24. The remaining issue is reduced to a question whether the expenditure was incurred pursuant to conditions of employment because
F.C. of T. v. Hatchett 71 ATC 4184; (1971) 125 C.L.R. 494 and White demonstrate that there are circumstances where conditions of employment limit the area within which the employee may exercise a choice to incur expenditure which has the quality of sec. 51(1) deductibility; within the area so circumscribed, the merits of the claim have to be proved, and it may fail because of the exceptions in sec. 51(1), e.g., the requirement of the employer may relate to such matters as lifestyle; compare
F.C. of T. v. Forsyth 79 ATC 4505 at p. 4508 as to the cost of purchasing and maintaining clothes.
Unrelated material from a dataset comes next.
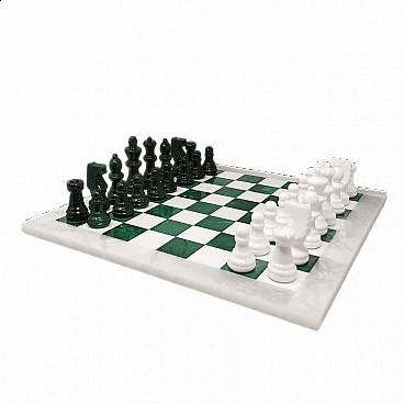 Scacchiera con pezzi in alabastro di Volterra verde e bianco, anni '70

As is shown by the extract from Finn which is set out by Smith J. in Burton nothing is achieved by the words ``incidental and relevant'' without the addition of the phrase ``in a correct sense''. If an employee's claim is to succeed, the correct sense of ``incidental and relevant'' is the express or implied term of the contract of employment as this characterizes the expenditure.

25. If it should be thought that a test is to be found in the phrase ``travelling on his work'' the question whether he is travelling on his work is to be met by the question ``what were the express and implied terms of the contract of employment'', as it is that question which directs the answer to the question whether he was travelling on his work.

26. This subject has been discussed at some length because it is frequently said in the journals that the principle as most recently enunciated in Burton is too narrow, and, curiously, that Finn sets out a wider principle. The only comment which befits an administrative tribunal is that in Burton Smith J. set out and applied the dominant passages in Finn and the test as set out in Burton is the one which current case law demands be used for the employee who seeks a sec. 51(1) deduction.

27. The application of the principle as in Burton results in a decision in favour of the taxpayer for the expenditure referable to the item in para. 1(v) hereof.

28. To the extent mentioned in para. 26 hereof the decision on the objection is held to be in error, and the amended assessment for the year ended 30 June 1975 is to be reduced by the allowance of a deduction of $4.